» Try it
Only the lines from the "香港商务印书馆总经理兼总编辑毛永波在接受记者采访(4月30日摄)。新华社记者 龙镜伊 摄" line through the last line of the material below belong in the answer, reproduced exactly and with no pictures.

» Dataset excerpts
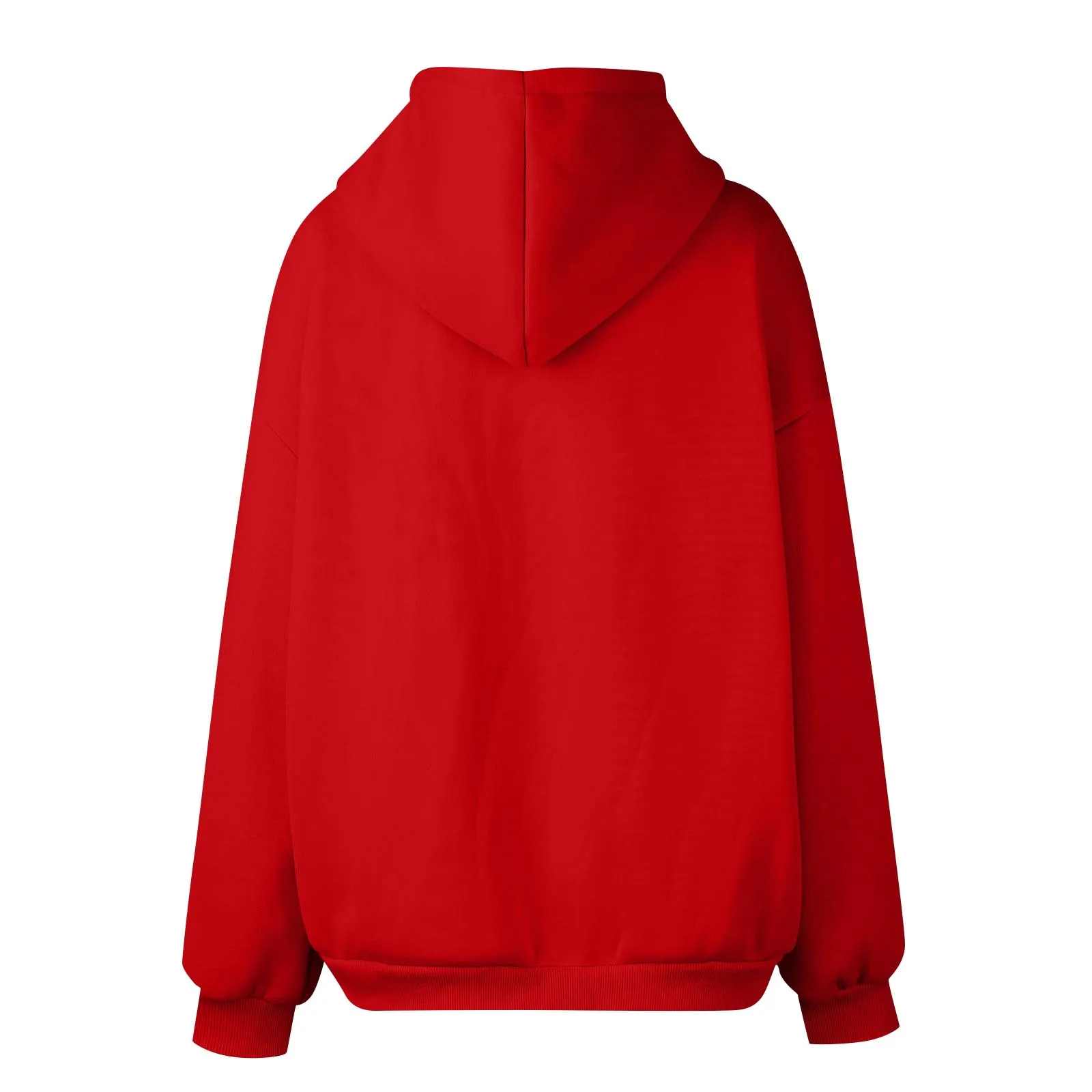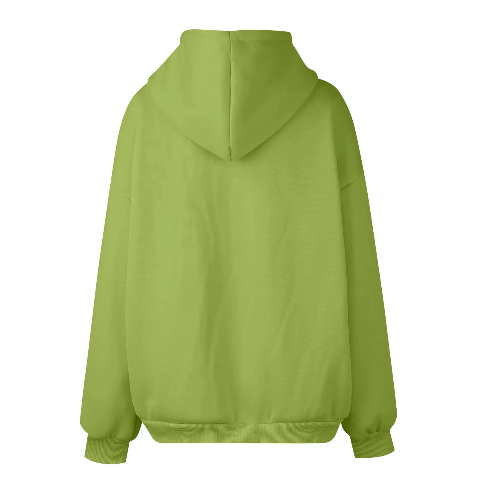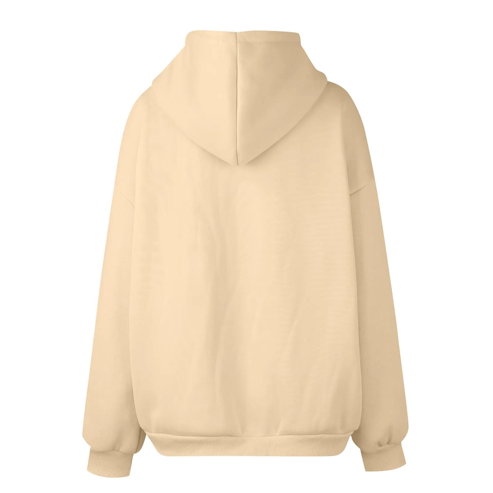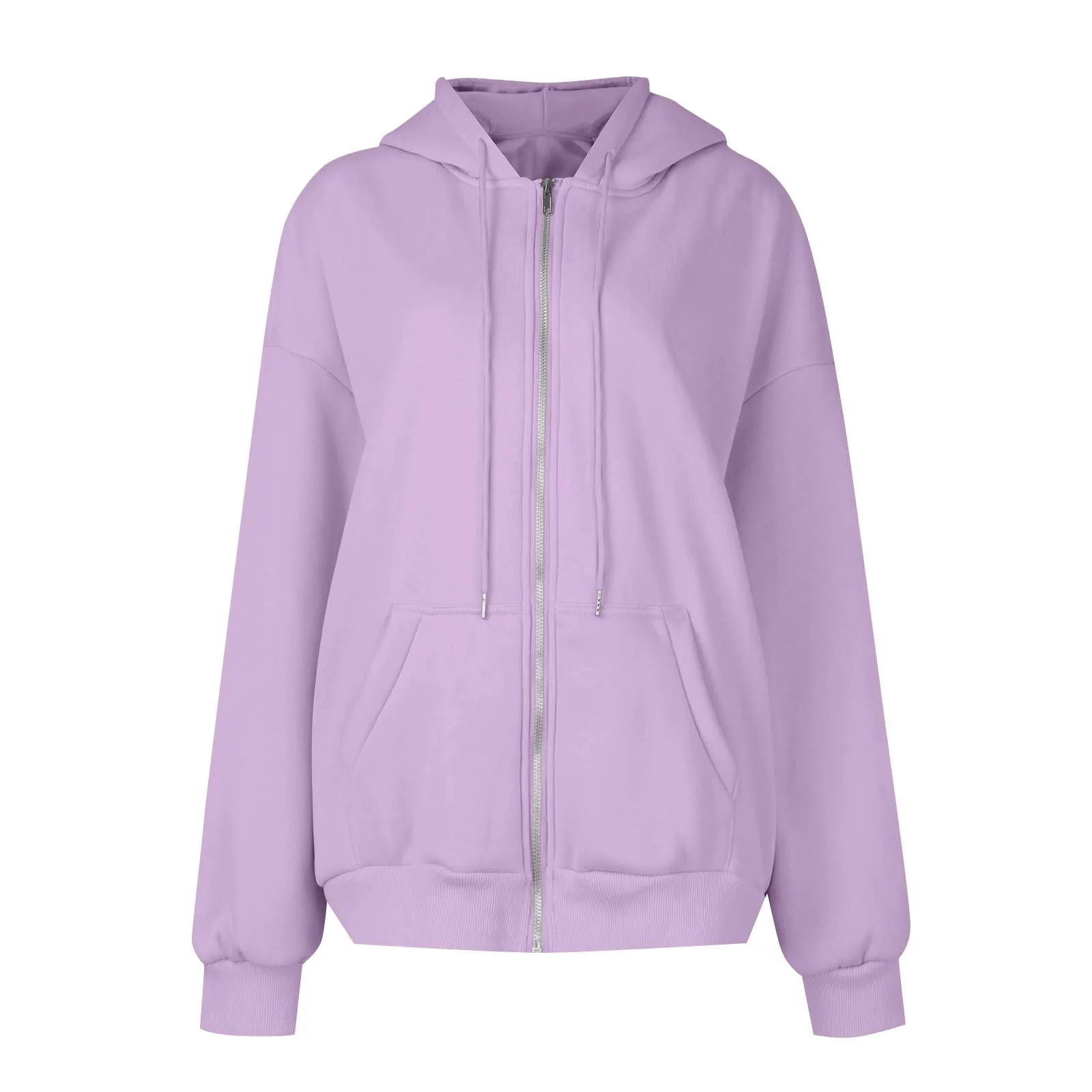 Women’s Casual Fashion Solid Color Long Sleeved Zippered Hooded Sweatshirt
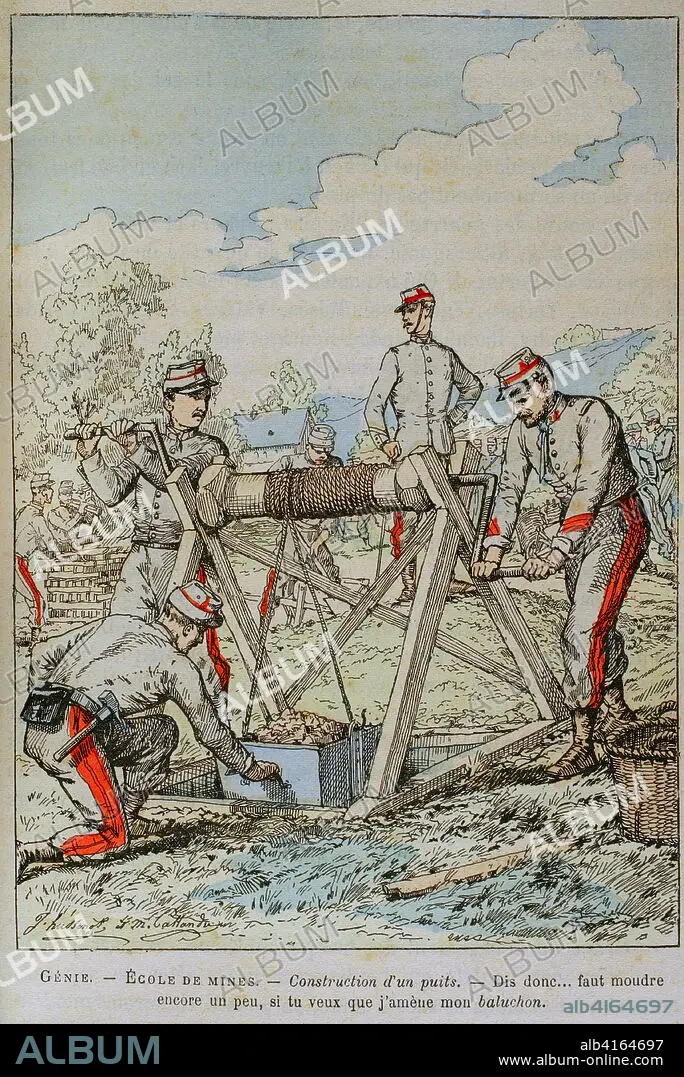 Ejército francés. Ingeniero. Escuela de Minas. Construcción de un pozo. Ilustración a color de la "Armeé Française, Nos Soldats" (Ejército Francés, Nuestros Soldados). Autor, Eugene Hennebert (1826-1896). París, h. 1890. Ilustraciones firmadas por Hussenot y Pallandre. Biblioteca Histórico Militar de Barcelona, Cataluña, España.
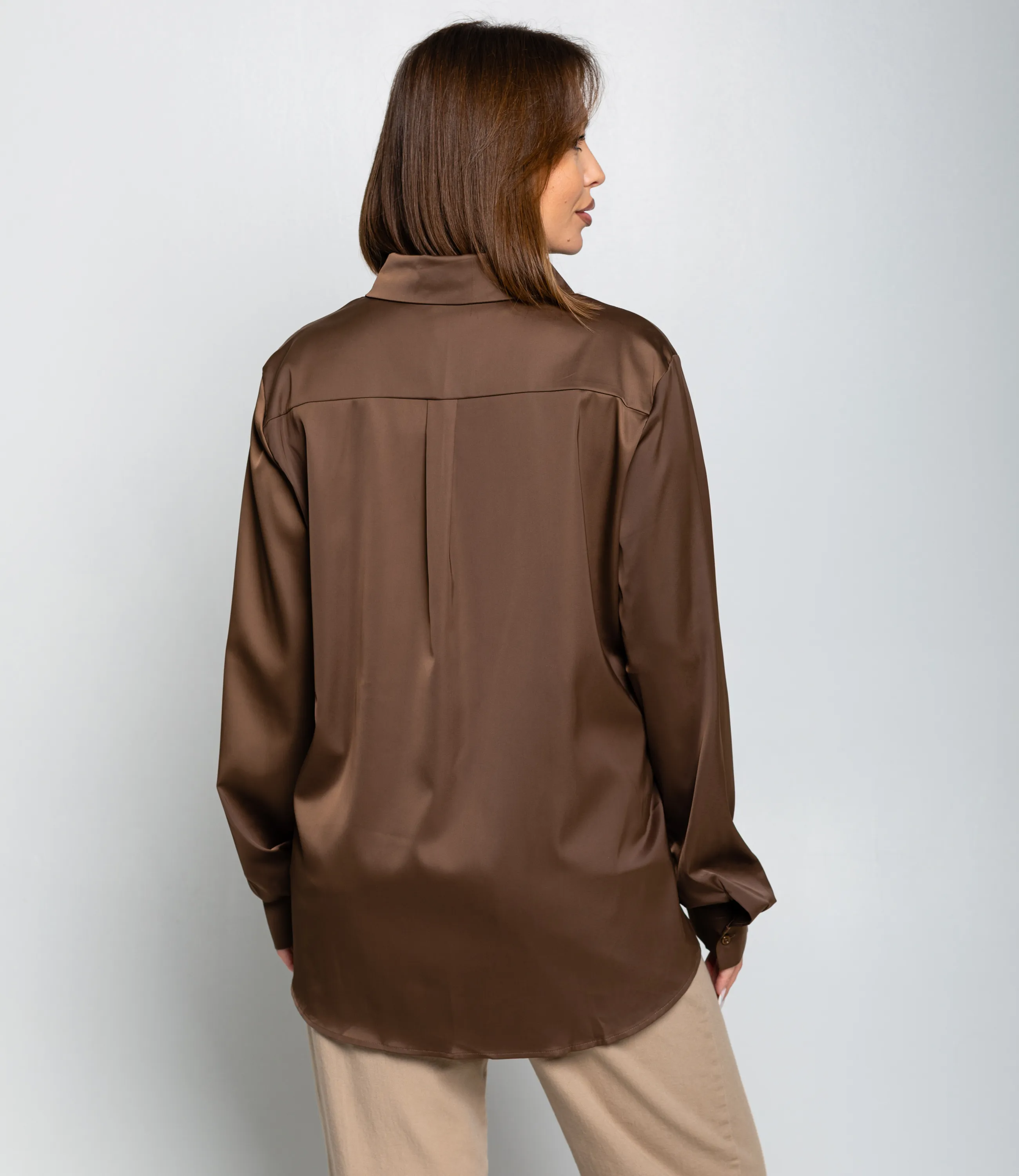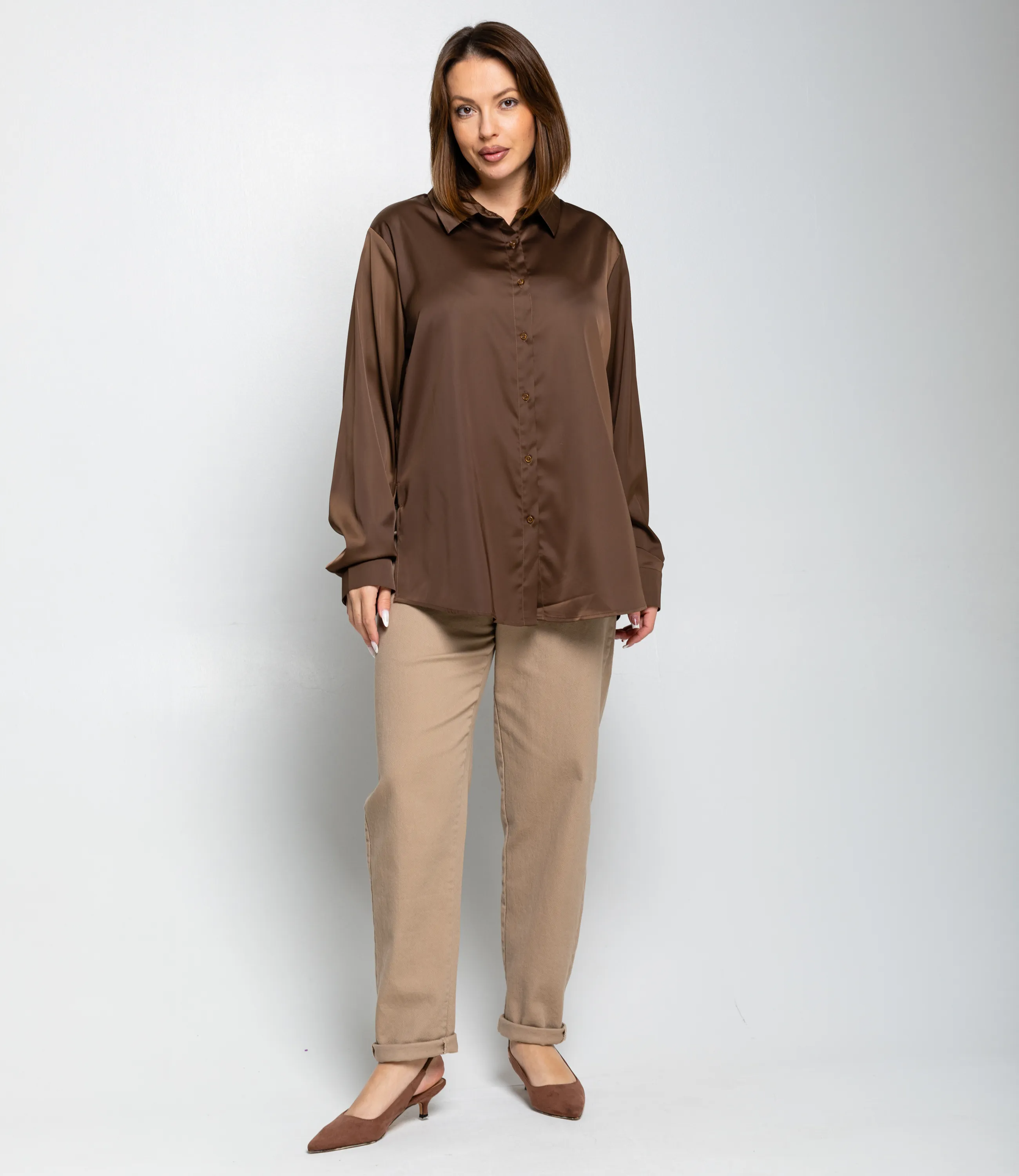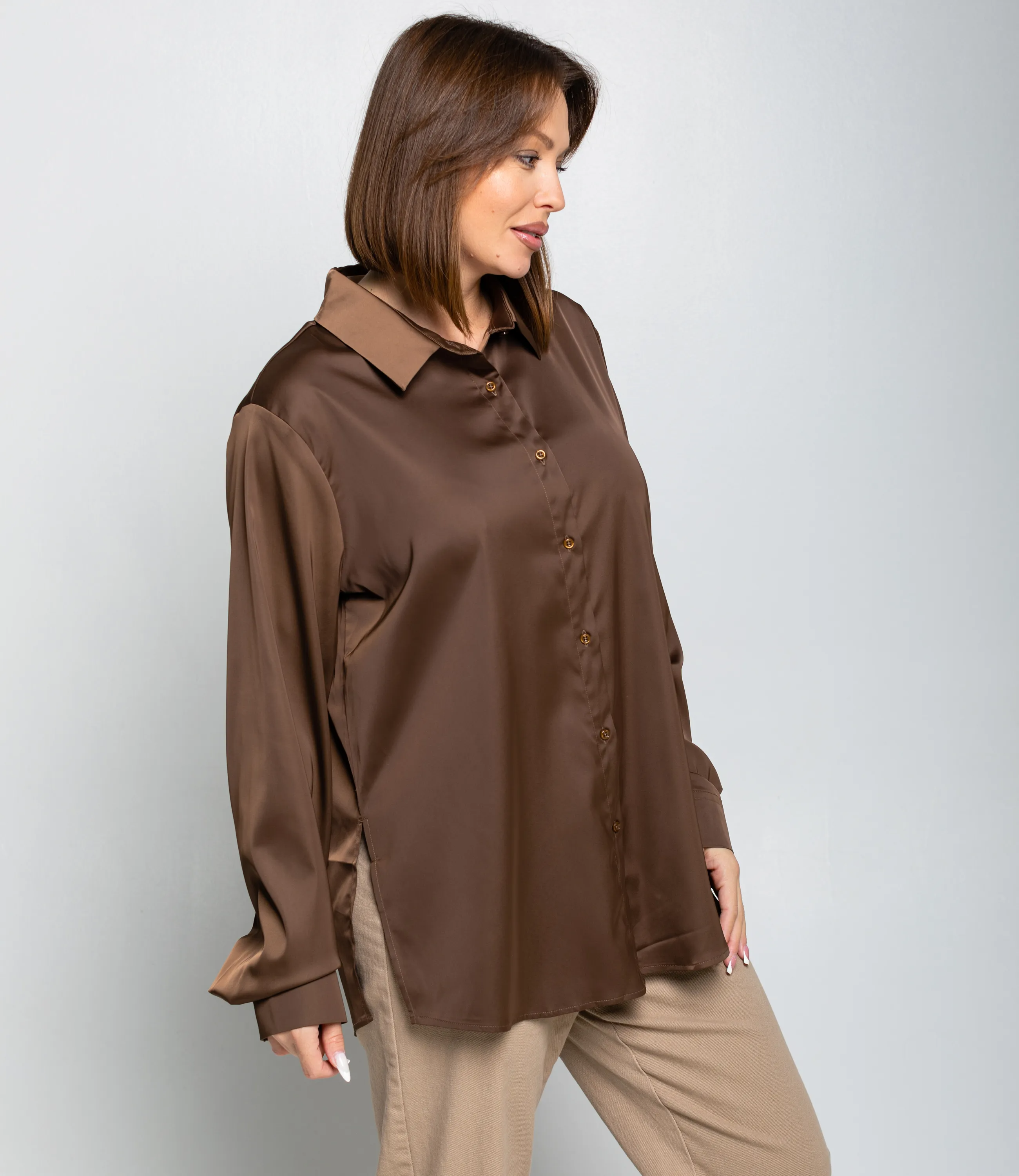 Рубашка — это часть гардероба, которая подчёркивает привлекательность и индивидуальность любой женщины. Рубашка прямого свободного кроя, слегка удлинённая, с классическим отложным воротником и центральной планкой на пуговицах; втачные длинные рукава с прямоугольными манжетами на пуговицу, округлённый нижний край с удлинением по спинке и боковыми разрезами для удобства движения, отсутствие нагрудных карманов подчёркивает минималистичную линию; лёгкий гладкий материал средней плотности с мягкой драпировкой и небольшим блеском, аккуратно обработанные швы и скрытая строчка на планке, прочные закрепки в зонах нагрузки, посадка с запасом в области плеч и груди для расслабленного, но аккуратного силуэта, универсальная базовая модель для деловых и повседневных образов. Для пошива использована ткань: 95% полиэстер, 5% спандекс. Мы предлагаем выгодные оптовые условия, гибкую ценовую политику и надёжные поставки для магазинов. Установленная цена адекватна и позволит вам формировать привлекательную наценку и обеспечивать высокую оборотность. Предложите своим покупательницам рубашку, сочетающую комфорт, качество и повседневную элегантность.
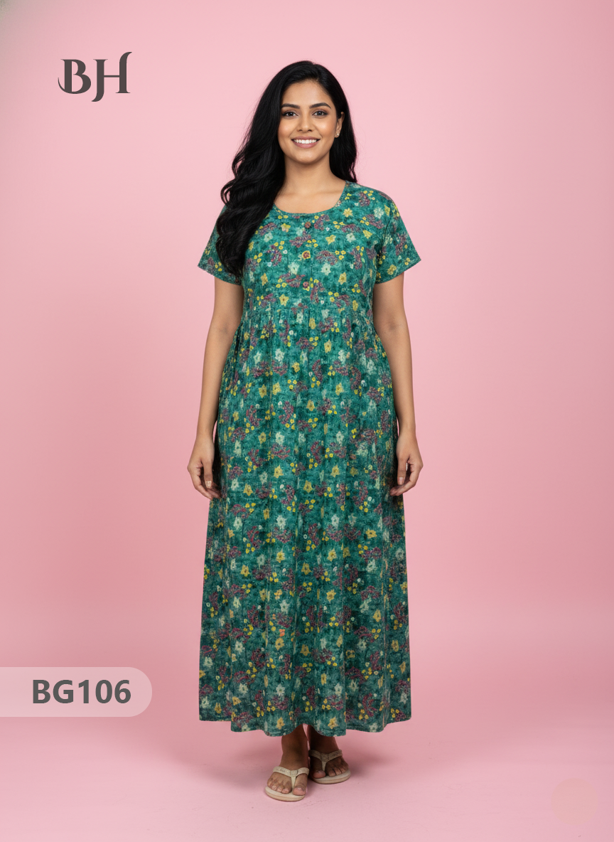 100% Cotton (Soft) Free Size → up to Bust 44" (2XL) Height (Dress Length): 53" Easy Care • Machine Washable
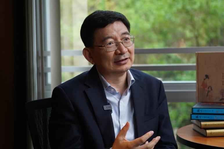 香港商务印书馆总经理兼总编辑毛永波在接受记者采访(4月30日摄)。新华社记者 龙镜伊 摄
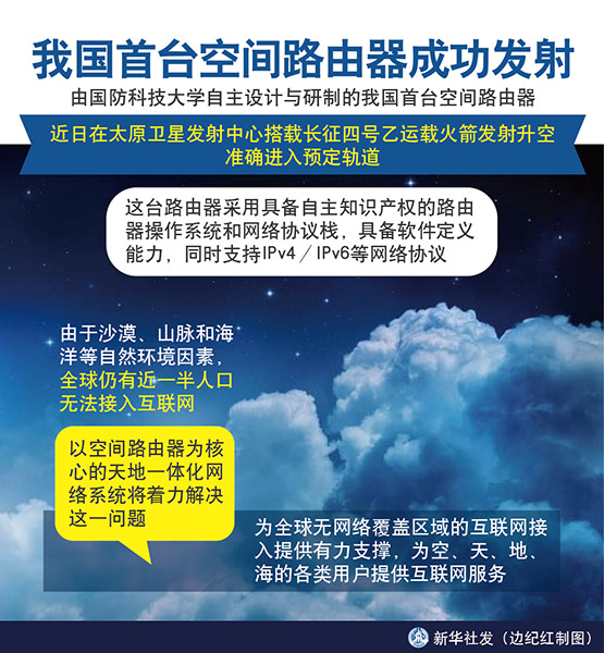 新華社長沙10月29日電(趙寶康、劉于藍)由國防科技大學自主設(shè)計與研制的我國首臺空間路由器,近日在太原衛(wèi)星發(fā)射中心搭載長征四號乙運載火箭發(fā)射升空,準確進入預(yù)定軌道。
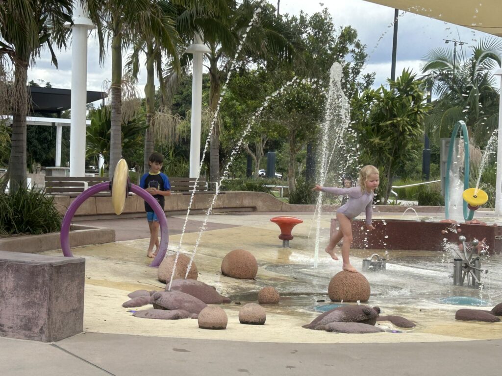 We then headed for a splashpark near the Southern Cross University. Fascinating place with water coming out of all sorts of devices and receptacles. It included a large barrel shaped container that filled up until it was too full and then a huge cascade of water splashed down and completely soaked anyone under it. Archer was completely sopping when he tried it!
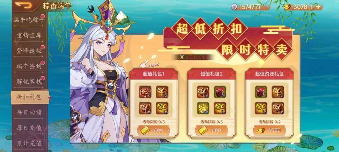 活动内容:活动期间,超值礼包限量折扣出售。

» Response to the exercise
 香港商务印书馆总经理兼总编辑毛永波在接受记者采访(4月30日摄)。新华社记者 龙镜伊 摄
 新華社長沙10月29日電(趙寶康、劉于藍)由國防科技大學自主設(shè)計與研制的我國首臺空間路由器,近日在太原衛(wèi)星發(fā)射中心搭載長征四號乙運載火箭發(fā)射升空,準確進入預(yù)定軌道。
 We then headed for a splashpark near the Southern Cross University. Fascinating place with water coming out of all sorts of devices and receptacles. It included a large barrel shaped container that filled up until it was too full and then a huge cascade of water splashed down and completely soaked anyone under it. Archer was completely sopping when he tried it!
 活动内容:活动期间,超值礼包限量折扣出售。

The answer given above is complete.